Put more simply, a robots.txt file tells search engine crawlers which URLs of a site they can access, but in no case it is a mechanism that prevents the page from being indexed, as many crawlers ignore the robots.txt instructions.
When crawlers or spiders ignore the indexing denial placed in the robots.txt (which is none other than noindex), it will be necessary to protect the web page password to prevent them from indexing the web page in question.
1. What is the robots.txt file used for?
In general, the robots.txt file is used to give concrete and specific orders to the crawlers of the different search engines. But let’s show some more specific features.
- It controls access to graphic resources. It allows you to indicate if you want to prevent image files from your website from showing in search results. This is of vital importance, to try to take control over the infographics and images with technical information of products that we have. In such a way that those interested in such information, in the first instance, can only access it by visiting our website.

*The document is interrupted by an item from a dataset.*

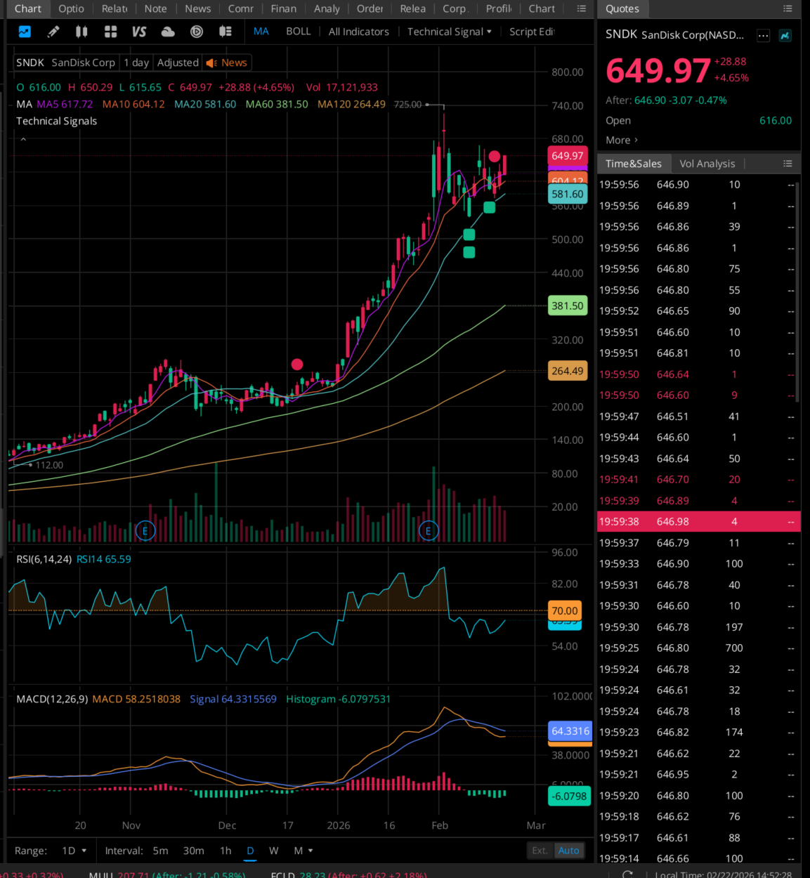 샌디스크의 주가는 현재 2025년 나스닥 독립 상장 이후 전형적인 '성장주'의 궤적을 그리며 우상향하고 있습니다.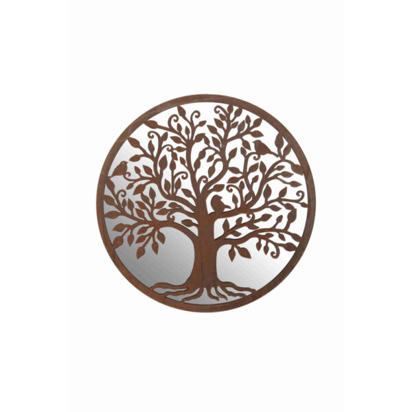 Mirrored Glass Metal Tree Of LifeMetal Wall ArtPerfect For Your Home Or GardenKeyhole hanger located on reverse Will Weather if Used OutsideMeasurements: 60 cm x 60 cmMirrored Bird Tree Of Life Metal Round Wall Art Garden Plaque DescriptionThis stunning bird tree of life wall art sculpture is a must-have for any home decor enthusiast.Crafted from high-quality metal and glass, this 60 x 60 cms plaque is the perfect addition to your wall hangings collection.The intricate design of the tree and its birds will add a touch of elegance to any room, creating a unique focal point that is sure to impress.The materials used in this piece ensure its durability, making it ideal for both indoor and outdoor use.With its intricate design and beautiful aesthetic, this wall art sculpture is perfect for any garden or living room.Its size also makes it a versatile piece that can be easily incorporated into any home.FeaturesColour:BrownType:Wall MirrorShape:RoundMounting:Wall MountedFeatures:NoneMaterial:MetalFrame:With FrameProduct TagsMirrored

- It restricts access to certain web pages. The web sites are formed by multiple pages, but we may not want to include all of them during the indexation process. There are many reasons for this, generally it is so that the visits of the crawlers don’t negatively influence the performance of our web server and to update our SEO strategy, removing or adding pages that could affect our rankings.
- Block access to files and directories. It is very useful to prevent crawlers from poking their noses into directories and files that are only resources for the proper functioning of the website, contain information that is exclusive to certain users or simply duplicate content.
2. How to create a robots.txt file?
However, any default installation of a CMS, such as , WordPress It creates by default a robots.txt file, they can be easily created by using a plain text editor to create a plain text file in ASCII or UTF-8 format, to place inside it the desired indexing instructions.
Just below we will show some of the most common commands or instructions used in robots.txt.
3. Command robots.txt
The most commonly used commands in the robots.txt document are:
User-agent: it is used to indicate to each robots or search engine spiders, what you want from them. It is important to emphasize that the instructions for each one of the crawlers are made together, that is to say, a single instance is used for Googlebot (Google search engine) to indicate to it what it is allowed or not allowed to do.
Its basic syntax is:
- User-agent: [robot concreto al que indicare las reglas]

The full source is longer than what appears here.